2. Use best of breed software to create operational reporting stack
A best of breed approach can also be taken to create the operational reporting stack. In this case, you will have to choose an ETL/ELT including CDC mechanism which can get near real-time data into the target database quickly and without much transformation in the process. I have talked about how to enable real-time analytics to Snowflake here in detail. The transformation will happen after it is loaded into the target database. In this case, an ETL/ELT tool like Matillion, Stitch, FiveTran and others can be used to move the data into the target database. In today’s world the target database totally makes sense to be one of the major cloud platforms like Snowflake, Redshift, or Google Big Query. If you are using a tool like Stitch or FiveTran which are primarily data ingestion tools then using dbt to transform the data will be very useful. Matillion does both ingestion and transformation as well as orchestration.

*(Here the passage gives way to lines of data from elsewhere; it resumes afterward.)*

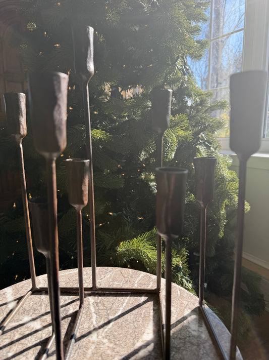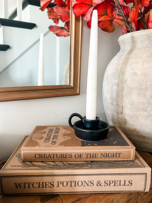 Grey Fluted Wax 10" Taper Battery Operated Set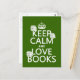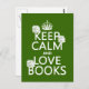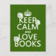 This reads Keep Calm and Love Books, in the style of the classic keep calm poster. It is decorated with small piles of books sitting on the letters. It's a beautiful and popular design, which is loved by everyone who loves books, whether a reader or writer. It's available on a wide range of products, making wonderful gifts for book sellers, librarians, writers and anyone who reads.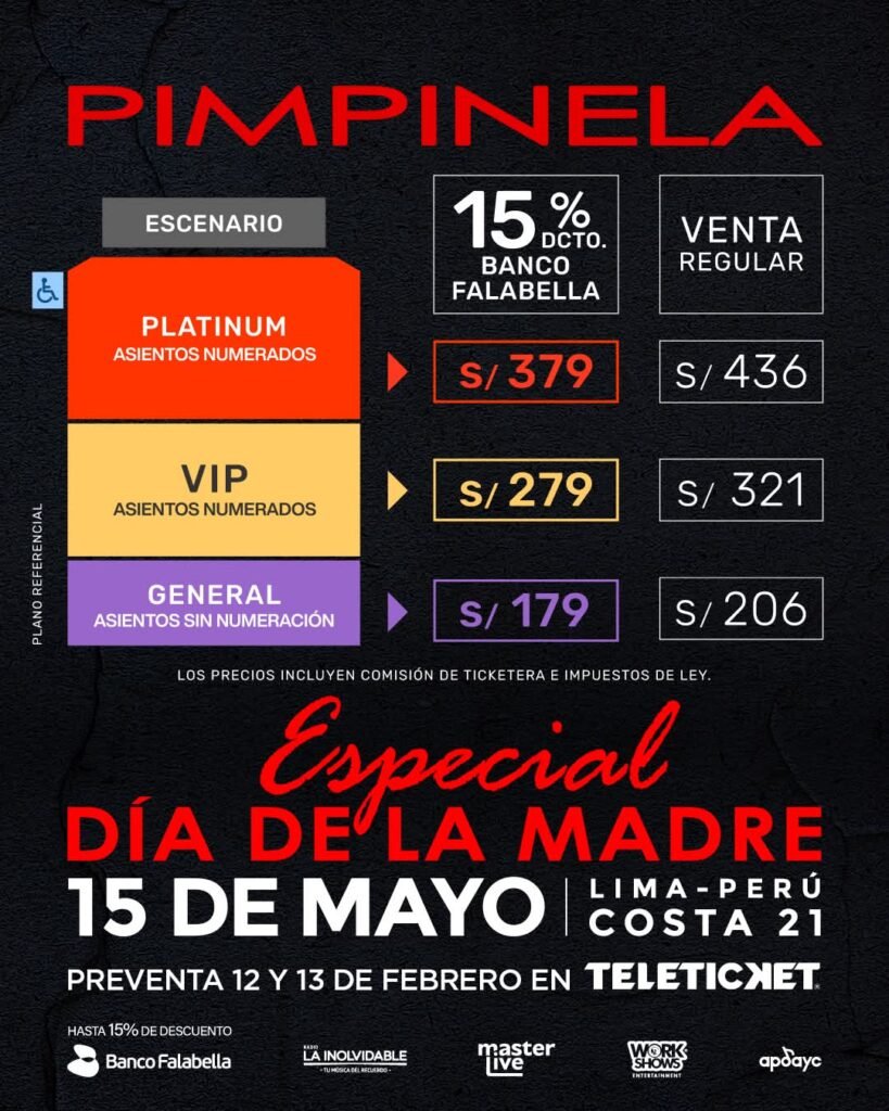 Las entradas para el concierto de Pimpinela en Lima estarán a la venta a través de la web de Teleticket. Habrá una preventa el 12 y 13 de febrero del 2026 con tarjetas del Banco Falabella y/o hasta agotar stock (capacidad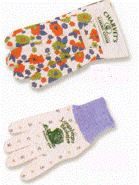 These garden gloves are specifically designed for garden or nursery related industries and sized for ladies only. The top glove is the Ladies Floral pattern with PVC dots and the lower glove is the Ladies Printed Jersey glove. Minimum imprintable quantity on both of these pairs of gloves is 72.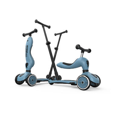 Highwaykick 1 Push and Go. The 2 in 1 Ride On and Scooter With Parent Push Bar for Effortless Early Adventures. The Highwaykick 1 Push and Go is designed to support children from their very first steps to their first confident rides, now with the added convenience of a height adjustable parent push bar. Suitable from 1 to 5 years, it transforms from a ride on to a three wheeled scooter in seconds, without tools, making it the ideal long term companion for growing toddlers.
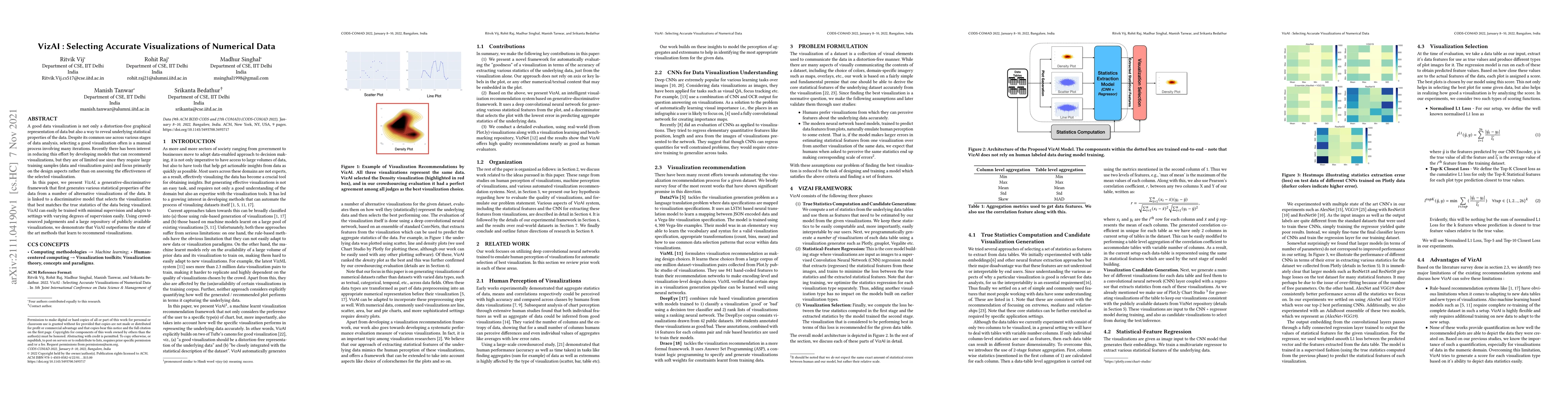 VizAI, a generative-discriminative framework, recommends accurate visualizations of numerical data by generating statistical properties and selecting the best match. It outperforms existing methods with minimal supervision and adapts to varying degrees of supervision.

This stack works best if all the major data sources are on the cloud. If there are large volumes of on-premise data and data is needed to be loaded several times a day, I don’t think this will be a very robust data pipeline. The biggest advantage is that you will have your BI tool of choice for operational, analytical and real-time reporting. You will have to evaluate your data sources, volume and frequency of loads to make sure this is the best architecture for your operational reporting.
Analytical reporting has the following characteristics –
1. Analyze data trends over months, quarters or years.
2. Frequency of data loads can be daily, weekly or monthly from various sources. No need for loading several times a day.
3. The data is usually stored for the long term in the form of snapshots.
4. Data is summarized to a more aggregate form.
5. Data can come from multiple sources.
6. Analysts and users prefer to use their favorite BI tools. The end users skew more towards senior management.
The proposed architecture for analytical reporting is not too different from the best of breed tools for operational reporting. This architecture should address all the six major characteristics of analytical reporting.
The important distinction between operational reporting and analytical reporting are the reduced frequency of data loads, use of snapshots and aggregations to store data for long term, and the use the best self-service data visualization tool that your organization has access to. The modern cloud data warehouses like Snowflake, Redshift and Google Big Query are well suited for this purpose as they perform fast, provide cheap storage for snapshots and data retention and can be accessed by a wide variety of BI tools for visualization.
When you look to modernizing the data architecture for your company, it might be helpful to classify your current BI landscape into real-time, operational and analytical reporting buckets. This will give clarity on how significant each of these use models are for your company. Once that is done you can design an architecture for each of these and then build your existing reports and analysis into one of these three architectures and then continue using these platforms for your future requirements.
I would love feedback on whether thinking about your BI landscape in this way using data latency requirements is useful to you and your organization. I look forward to your comments.